Doch die anderen Ecken des nähenden, bastelnden, kochenden  Internets sind auch toll, wenn auch für mich derzeit aus vielen Gründen nicht ganz so spannend. Doch egal was wir selbst machen - es verändert etwas! Wenn wir Dinge selbst machen, dann lernen wir, sie mehr und mehr so zu machen, wie sie für uns gut sind. Wir lösen uns aus den üblichen Konsumprozessen und gestalten unser Leben und unsere Lebensumwelt nach eigenem Gusto. Das ist in jedem Fall bereichernd und lehrreich. Es lebe die Vielfalt! Alle DIY-Ecken des Internets sind gut. Ach hätten wir nur die Zeit überall zu schauen und uns inspirieren zu lassen! Wenn die Massenmedien uns und viele andere mit der Nase auch auf Unbekanntes stupsen, ist das nicht das schlechteste, auch wenn wir latent das Gefühl haben, dass wir Internettussis das alles schon vorher wussten. Mag sein - aber auch wir haben nur begrenzte Zeit und leben in einer Filterblase.


Selbermachen ist toll - je mehr es erkennen, um so besser!


Je mehr Menschen den Wert des Selbstgemachten erkennten, umso besser wird unsere Welt. Diese Theorie mag naiv klingen, aber ich glaube fest daran. An mir und an anderen kann ich beobachten, wie das selbst in die Hand nehmen, das Selbermachen, das Gestalten der eigenen Lebensumwelt mehr als die Garderobe veränderte. Durch das Selbermachen und das sich zeigen wird ein Erkenntnisprozess in Gang gesetzt, der sich auch auf andere Lebensbereiche überträgt. Da beginnt etwas, das nicht mehr rückgängig zu machen ist. Wenn unser Hörspiel zu Weihnachten auch ein Märchen war, die positiven Rückmeldungen dazu bestätigten uns darin, dass nicht nur wir so fühlen.

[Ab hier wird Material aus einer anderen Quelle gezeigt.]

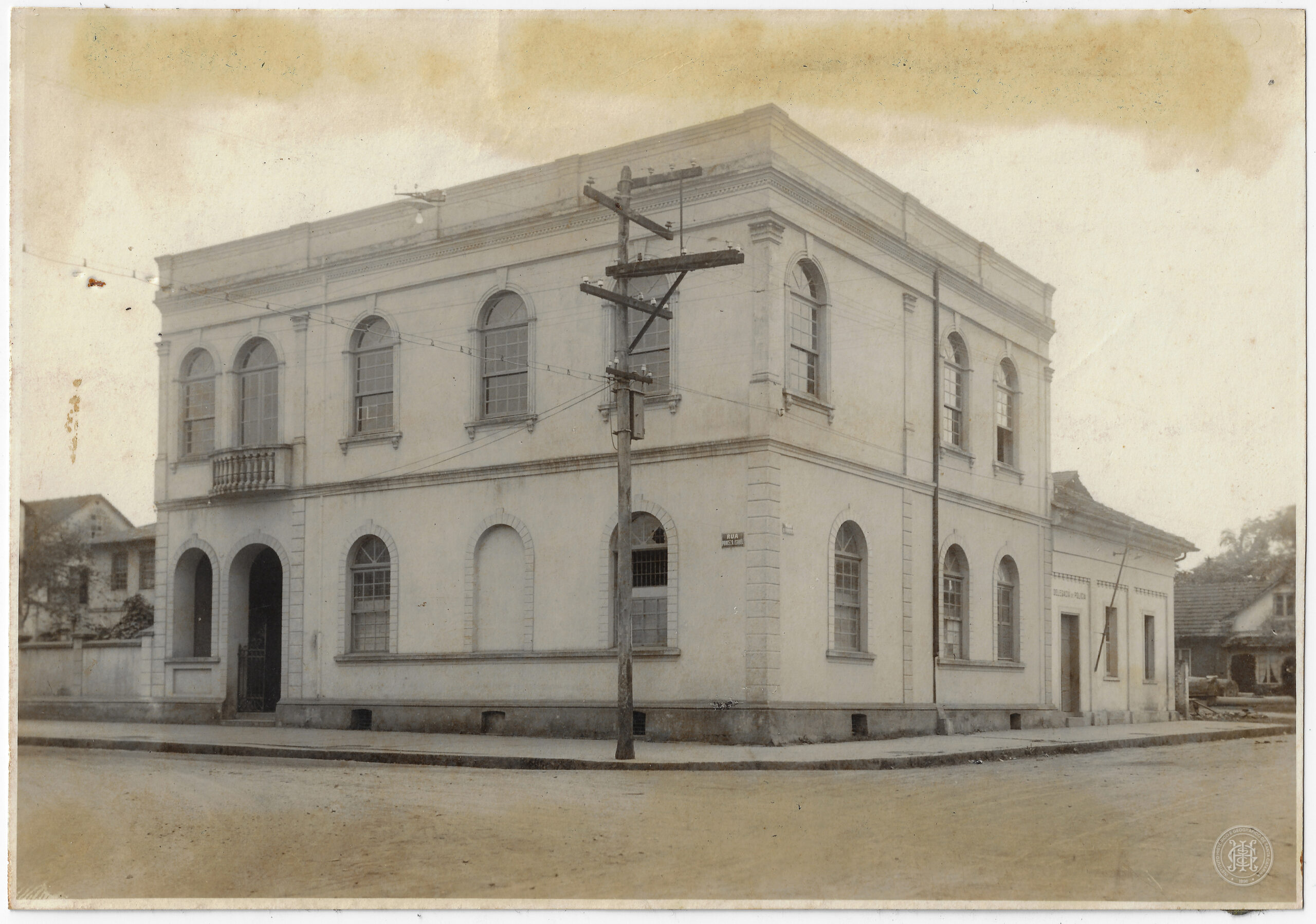 Arquitetura, Edificações Públicas, Fórum de Joinville, Delegacia de Polícia, Joinville, Santa Catarina, Rua Princesa Isabel, Arquitetura Eclética, Pavimentos, Janelas de arco pleno, Balaustrada, Balcão, Poste de iluminação, Fiação elétrica, Infraestrutura urbana, Logradouro, Esquina, Urbanização, Setembro de 1939, Século XX, Fotografia documental, Patrimônio Edificado, Centro Histórico, Prédio administrativo, Paisagem urbana

Was könnte passieren, wenn Handarbeiten (wieder) massentauglich wird? Was könnten die Nachteile sein? Ich weiß es nicht, weil ich es mir eigentlich gar nicht vorstellen will. Aber vielleicht packt diese Freude am Selbermachen nicht alle. Das kann schon sein, auch ich habe nach einer aktiven Phase als Teenager und junge Erwachsene fast zwanzig Jahre nur wenig gehandarbeitet, bis ich es wieder für mich entdeckte. Ich kann nicht genau sagen, woraus diese Pause resultierte. Vielleicht passte es nicht in meine Leben, vielleicht passte es nicht in die Gesellschaft. Wenn es mir passiert, kann es auch anderen so gehen. Ich will ja gar nicht alle bekehren. Es muß schon passen. Irgendetwas in uns muß reif dafür sein, etwas Neues auszuprobieren und das Leben die Hand zu nehmen.

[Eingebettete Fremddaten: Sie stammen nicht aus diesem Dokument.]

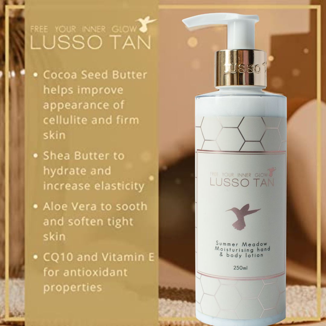 Achieve smooth, velvety soft skin and prolong the life of a sunless tan with Lusso Tan Summer Meadow Moisturising Body Lotion; a luxuriously scented formula infused with the smell of fresh summer meadows.

Vielleicht wird Nähen auch nur ein kurzlebiger Trend. Vielleicht nähen nach einer Nähsendung im Fernsehen auf einmal mehr Menschen Loops und legen sie ein paar Jahre später zu den MyBoshis in die Altkleidersammlung. Vielleicht wird es nur eine Mode, die recht schnell von der nächsten Mode abgelöst wird. Oder, wenn Nähen nicht das neue MyBoshi sondern das neue Kochen ist, dann passiert vielleicht etwas anderes. Vielleicht gefällt es den FernsehkonsumentInnen Nähen zu konsumieren. Wir wissen alle, das nicht mehr Leute kochen, nur weil sie Kochsendungen im Fernsehen sehen. Und trotzdem sind diese Sendungen beliebt. Vielleicht passiert genau das gleiche rund ums Nähen? Vielleicht ist es einfach spannend, einen Nähwettbewerb zu sehen und wenn nach ein paar Jahren die Luft raus ist, wird eben ein TöpferInnencasting veransteltet. Wer weiß, jetzt wo Macramee Paracord heißt, erscheint mir alles möglich.

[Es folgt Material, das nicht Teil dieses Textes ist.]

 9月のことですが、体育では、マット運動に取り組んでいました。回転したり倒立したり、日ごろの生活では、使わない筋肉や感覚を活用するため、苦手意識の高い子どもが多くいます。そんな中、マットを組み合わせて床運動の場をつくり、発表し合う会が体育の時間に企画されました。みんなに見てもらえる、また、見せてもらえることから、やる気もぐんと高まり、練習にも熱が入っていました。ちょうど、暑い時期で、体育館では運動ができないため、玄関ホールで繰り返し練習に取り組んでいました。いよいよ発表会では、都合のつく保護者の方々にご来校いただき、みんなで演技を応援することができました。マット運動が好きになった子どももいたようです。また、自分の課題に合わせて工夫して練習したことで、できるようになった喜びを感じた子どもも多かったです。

Oder aber wir Frauen werden als Zielgruppe entdeckt. Vielleicht gibt es irgendwann einen Fernsehsender wie  DMAX  für Frauen oder besser gesagt "für Menschen". Wenn Sendungen über das Angeln, das Tunen alter Fahrzeuge oder das Holzfällern im Dschungel interessant genug sind, um als Serien produziert zu werden, könnte es doch auch sein, dass es gar keines Wettbewerbs im mittlerweile auch schon ausgelutschtem Castingformat bedarf, um ein Thema interessant zu machen. Vielleicht entdecken irgendwann mutige FernsehmacherInnen uns nerdige Klamottennäherinnen und machen Sendungen, die für Aussenstehende möglicherweise absurd langweilig sind, für uns aber die logische Fortsetzung der Nähpodcasts von Frau Nahtzugabe5cm, bei denen wir gebannt zuhören, was zwei Frauen, über ihre Leidenschaft, die auch unsere ist, erzählen.

Ich sehe das Glas halbvoll statt halbleer und nehme es als Chance, wenn Handarbeiten durch Männer oder das Fernsehen eine Aufwertung bekommt. Ich bin bereit mein Glück zu teilen und der festen Überzeugung, dass es genug Materialien für uns alle gibt und das Internet groß genug ist, noch mehr Handarbeitsnischen ein Zuhause zu bieten. Wenn mehr und mehr Menschen das Selbermachen für sich entdecken und daraus ein neues Selbstbewußtsein, eine innere Stärke und die Lust, etwas zu verändern bekommen, das wäre doch einfach wunderbar!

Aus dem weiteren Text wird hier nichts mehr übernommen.